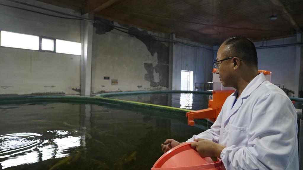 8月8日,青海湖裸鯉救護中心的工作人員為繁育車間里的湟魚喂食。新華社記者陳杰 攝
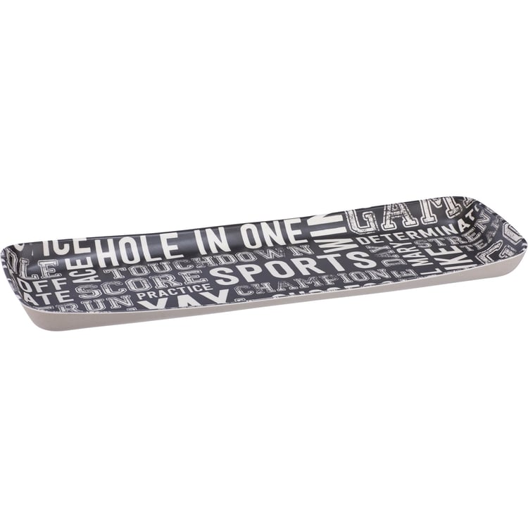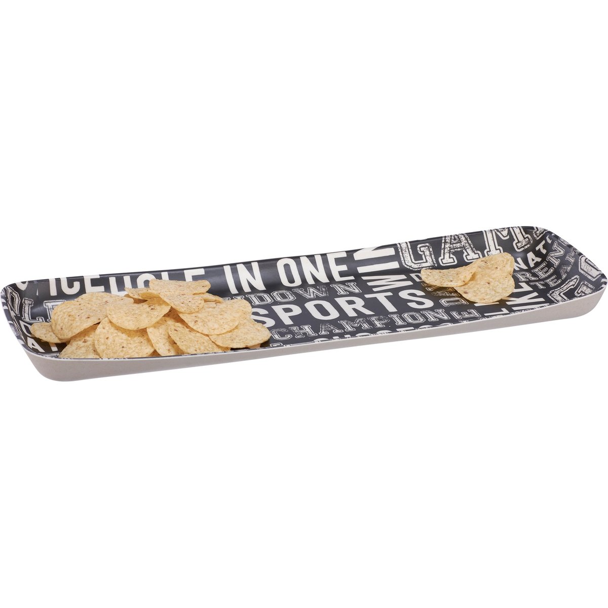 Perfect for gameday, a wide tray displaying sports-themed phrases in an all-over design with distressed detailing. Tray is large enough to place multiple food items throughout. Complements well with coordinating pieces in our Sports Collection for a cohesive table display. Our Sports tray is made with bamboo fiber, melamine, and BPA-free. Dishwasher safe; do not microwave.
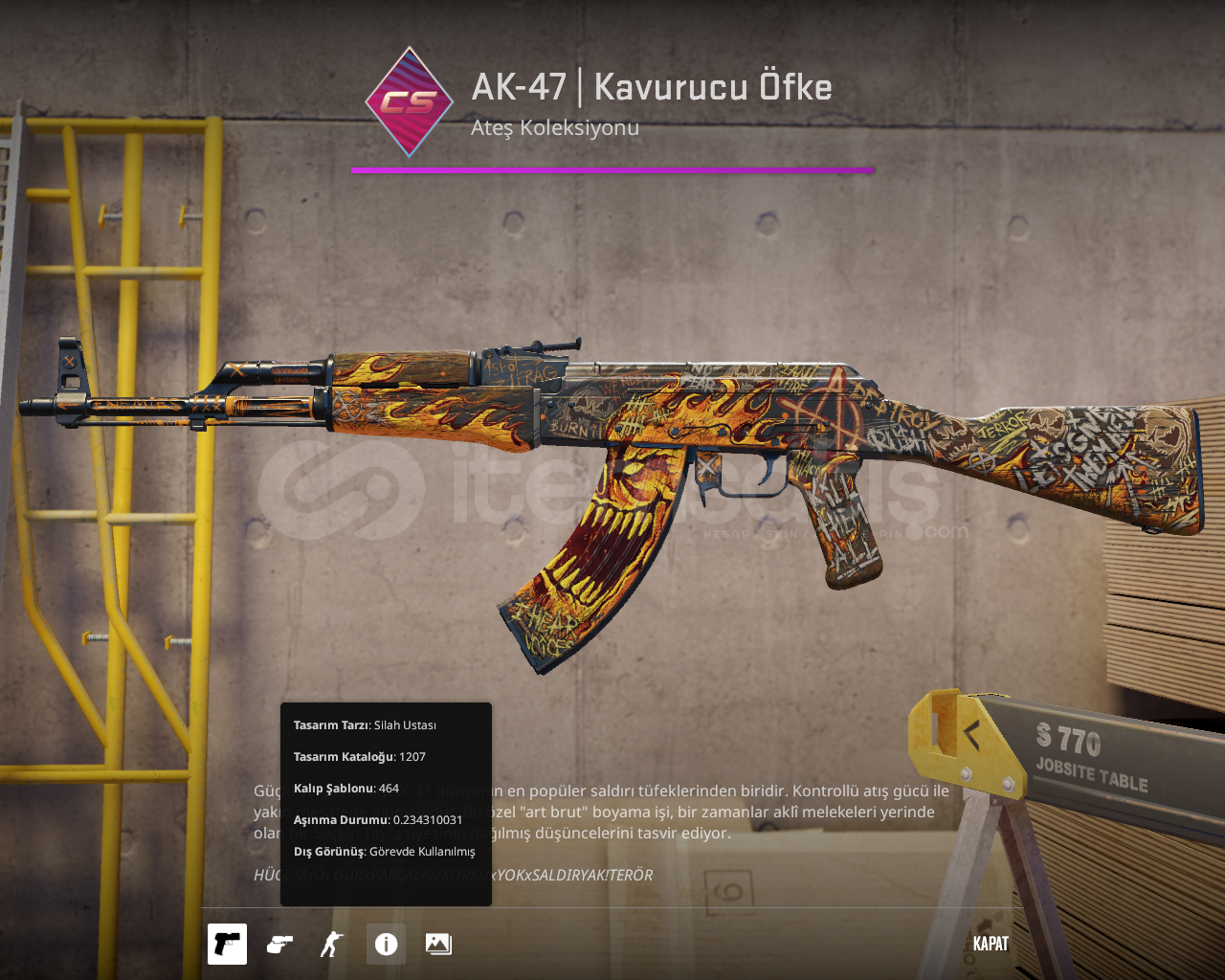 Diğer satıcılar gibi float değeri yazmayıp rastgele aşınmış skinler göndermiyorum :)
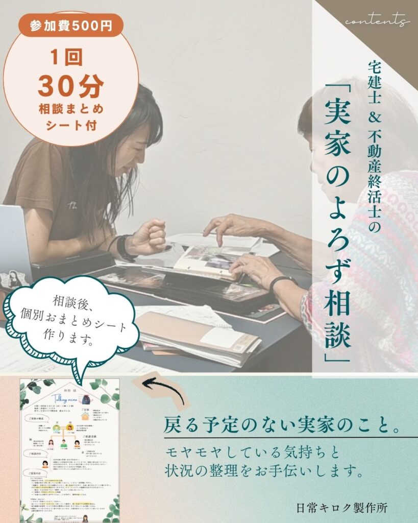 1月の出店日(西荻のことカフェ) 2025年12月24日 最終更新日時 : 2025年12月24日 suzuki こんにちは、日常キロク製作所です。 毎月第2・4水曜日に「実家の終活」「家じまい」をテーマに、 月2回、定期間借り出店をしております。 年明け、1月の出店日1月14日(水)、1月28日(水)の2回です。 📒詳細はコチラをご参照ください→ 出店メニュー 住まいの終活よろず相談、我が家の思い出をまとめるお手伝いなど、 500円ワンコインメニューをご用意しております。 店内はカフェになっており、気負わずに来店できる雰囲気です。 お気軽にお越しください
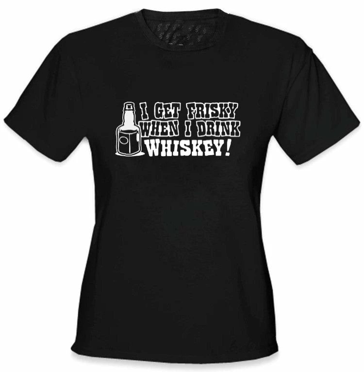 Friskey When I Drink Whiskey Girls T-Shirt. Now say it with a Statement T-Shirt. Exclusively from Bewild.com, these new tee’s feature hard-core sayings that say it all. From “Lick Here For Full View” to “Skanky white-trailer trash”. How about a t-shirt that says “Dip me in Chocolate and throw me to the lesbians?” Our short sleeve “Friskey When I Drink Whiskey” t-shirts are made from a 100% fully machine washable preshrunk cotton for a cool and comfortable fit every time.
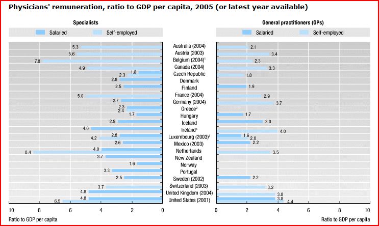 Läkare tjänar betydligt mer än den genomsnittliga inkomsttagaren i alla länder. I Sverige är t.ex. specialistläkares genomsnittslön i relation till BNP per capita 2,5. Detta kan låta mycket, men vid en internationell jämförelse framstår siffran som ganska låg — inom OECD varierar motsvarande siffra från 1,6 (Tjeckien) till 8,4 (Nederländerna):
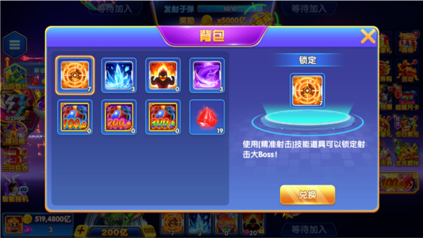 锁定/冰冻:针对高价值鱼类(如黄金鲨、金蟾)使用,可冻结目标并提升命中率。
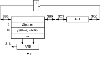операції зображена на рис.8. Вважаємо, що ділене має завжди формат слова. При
^^^^^^^^^^^^^^^^
* TRY IT:
Reproduce every line above exactly, pictures excluded.

* TASK RESPONSE:
 8月8日,青海湖裸鯉救護中心的工作人員為繁育車間里的湟魚喂食。新華社記者陳杰 攝
 Perfect for gameday, a wide tray displaying sports-themed phrases in an all-over design with distressed detailing. Tray is large enough to place multiple food items throughout. Complements well with coordinating pieces in our Sports Collection for a cohesive table display. Our Sports tray is made with bamboo fiber, melamine, and BPA-free. Dishwasher safe; do not microwave.
 Diğer satıcılar gibi float değeri yazmayıp rastgele aşınmış skinler göndermiyorum :)
 1月の出店日(西荻のことカフェ) 2025年12月24日 最終更新日時 : 2025年12月24日 suzuki こんにちは、日常キロク製作所です。 毎月第2・4水曜日に「実家の終活」「家じまい」をテーマに、 月2回、定期間借り出店をしております。 年明け、1月の出店日1月14日(水)、1月28日(水)の2回です。 📒詳細はコチラをご参照ください→ 出店メニュー 住まいの終活よろず相談、我が家の思い出をまとめるお手伝いなど、 500円ワンコインメニューをご用意しております。 店内はカフェになっており、気負わずに来店できる雰囲気です。 お気軽にお越しください
 Friskey When I Drink Whiskey Girls T-Shirt. Now say it with a Statement T-Shirt. Exclusively from Bewild.com, these new tee’s feature hard-core sayings that say it all. From “Lick Here For Full View” to “Skanky white-trailer trash”. How about a t-shirt that says “Dip me in Chocolate and throw me to the lesbians?” Our short sleeve “Friskey When I Drink Whiskey” t-shirts are made from a 100% fully machine washable preshrunk cotton for a cool and comfortable fit every time.
 Läkare tjänar betydligt mer än den genomsnittliga inkomsttagaren i alla länder. I Sverige är t.ex. specialistläkares genomsnittslön i relation till BNP per capita 2,5. Detta kan låta mycket, men vid en internationell jämförelse framstår siffran som ganska låg — inom OECD varierar motsvarande siffra från 1,6 (Tjeckien) till 8,4 (Nederländerna):
 锁定/冰冻:针对高价值鱼类(如黄金鲨、金蟾)使用,可冻结目标并提升命中率。
операції зображена на рис.8. Вважаємо, що ділене має завжди формат слова. При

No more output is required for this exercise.